Computer Science Researcher
This entry was posted in Design, Documentation, Theory and tagged , , , . Bookmark the permalink.
  • Linas Vepstas

    The appearance of the punctuated learning curve is very clear in MOSES, and I presume that it is seen in other genetic algorithm systems, though I can’t say I’ve heard of reports.   I vaguely heard of “punctuated evolutionary periods”, but again, have no references I can think of.  The learning curve in humans is clear, and well-studied.

    I have no doubt that all of these phenomena are due to exactly one and the same underlying mathematical structure, of a high-dimensional space being searched for a better solution.  Finding an improvement is like a blind man searching for the hole on a golf-green: very hard, amost accidental. But when its found, a whole new vista opens up.   I presume that the underlying mathematical system would be similar: a broadly flat fitness curve, with a few very deep holes, which after going through them, open up to all new vistas of all new golf-courses.  Anyone read of anything to this effect?

  • tlh24

     Linas,

    I have not read anything to the effect, though I really like your golf analogy. 

    My personal intuition is that the structure of the space to be searched has complexity controlled by the lifetime, fidelity, and quantity of memory that the system to be evolved has.  IMHO, this is why it is easy to fit FIR adaptive filters (through LMS) while IIR adaptive filters are harder (but not impossible — solutions are on a manifold determined by the structure of the feedback); programs can have unlimited (?) feedback and memory (or contingencies), which makes the golf-green complicated as you suggest.

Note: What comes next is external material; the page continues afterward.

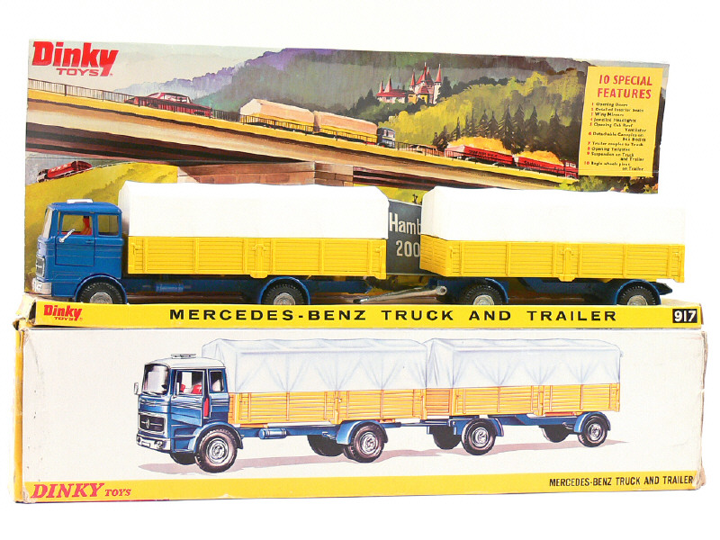 DINKY TOYS (GB) 917 MERCEDES Bâché avec remorque bâchée bleu foncé & jaune, bâches blanches
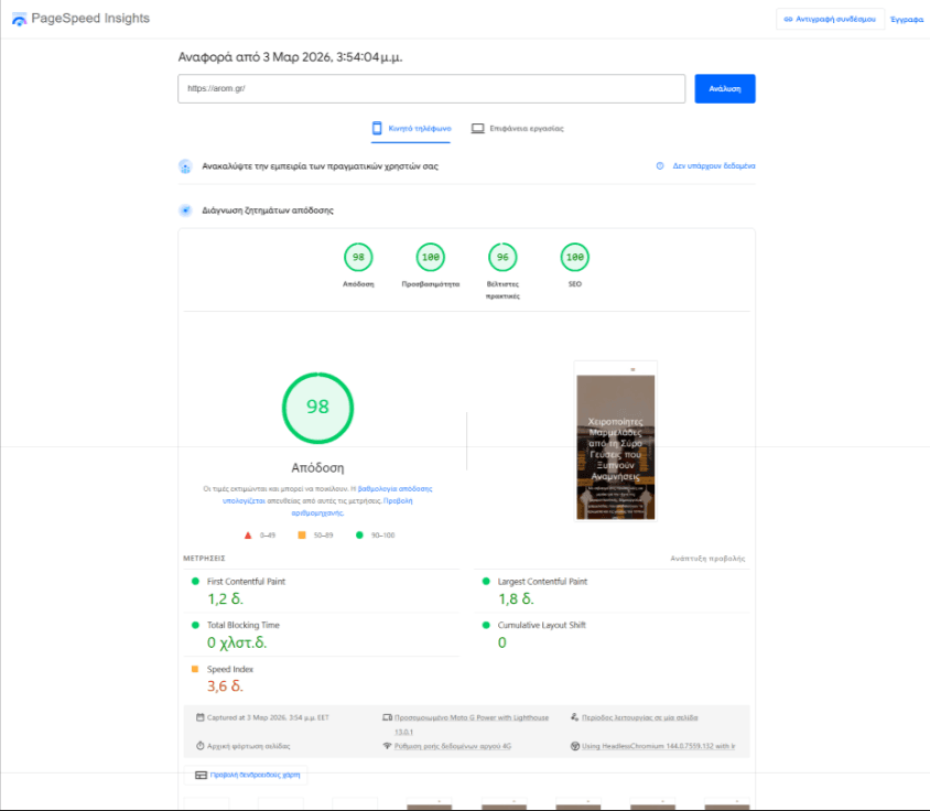 Το project ολοκληρώθηκε με φωτογραφική επιμέλεια, δημιουργία γραφικών στοιχείων branding και τεχνική βελτιστοποίηση ταχύτητας και responsive σχεδιασμό, διασφαλίζοντας άριστη απόδοση σε όλες τις συσκευές.

    Very thought provoking.  Keep up the good work!

    Tim

  • The Krio

    learning to learn where learning time is used for scoring might ultimately encode the data into your learning algorithm. your data should be different on each pass, that way it would encode only metadata

  • Christine

    Can you force the inner loop to find solutions that are not like any others using parameters by blocking off anything that will evolve to solutions that already exist?  Assuming of course what has already been found is not efficient and reached a plateau that is continuing to inefficiency.  That is, to put all resources into creating a new species at a certain point of non-evolutionary gains by artificially defining a crisis, creating the environment in which innovation not only can occur, but must occur.  Or to follow along the lines of your golf analogy, tell it to go nowhere but down the rabbit hole.  I know almost nothing about the actual programming you’re doing, but I do develop a lot of algorithms to research problems and have experienced the crisis that leads to evolution of new solutions.  If your goal is to follow the human learning curve, look to people or entities with fast learning curves, not the mean.  A crisis of resources is usually what provides the necessary incentive to learn.  Not more time, and not more solutions to choose from, but precisely the opposite, less time and fewer possible resources and solutions.

  • Christine

     I also wonder about the target output.  Whether there is any devolution (?) of the intended results of any evolved program?  That is, given a statistical spread of the output, rather than making it a hard target, putting random at the tail end rather than the front end (or in combination) and categorizing near-hits vs. exact hits.  That is, a sort of collateral damage approach.  A near hit at a moving target could very well be a direct hit when randomness over time comes into play.  A different sort of fine tuning but probably one you’ve already taken into account.  I really appreciate your explanations of how MOSES works, by the way. 

  • Linas Vepstas

    A recently added feature is a “diversity pressure”, that forces the algorithm to spend more time on less fit, but new, novel solutions. The hope is that, in this way, locl maxima can be evaded. I haven’t yet examined just how effective this is.